EXERCISE MATERIALS:
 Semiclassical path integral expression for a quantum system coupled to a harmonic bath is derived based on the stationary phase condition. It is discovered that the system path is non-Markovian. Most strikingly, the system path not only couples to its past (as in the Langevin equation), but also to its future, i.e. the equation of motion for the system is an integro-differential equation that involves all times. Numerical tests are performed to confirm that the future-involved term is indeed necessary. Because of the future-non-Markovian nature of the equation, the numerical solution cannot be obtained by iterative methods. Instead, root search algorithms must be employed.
...
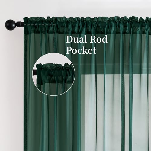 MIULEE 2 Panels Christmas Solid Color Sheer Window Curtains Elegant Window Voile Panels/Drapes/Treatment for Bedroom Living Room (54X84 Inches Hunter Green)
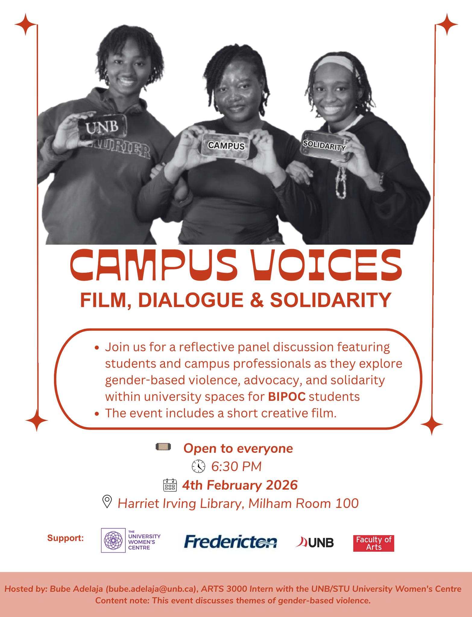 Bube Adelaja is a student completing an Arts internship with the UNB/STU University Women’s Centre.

EXERCISE BRIEF: Taking the records above, print only and exactly the lines from the line with "MIULEE 2 Panels" to the line with "Bube Adelaja is", both kept, and exclude pictures.

TASK OUTPUT:
 MIULEE 2 Panels Christmas Solid Color Sheer Window Curtains Elegant Window Voile Panels/Drapes/Treatment for Bedroom Living Room (54X84 Inches Hunter Green)
 Bube Adelaja is a student completing an Arts internship with the UNB/STU University Women’s Centre.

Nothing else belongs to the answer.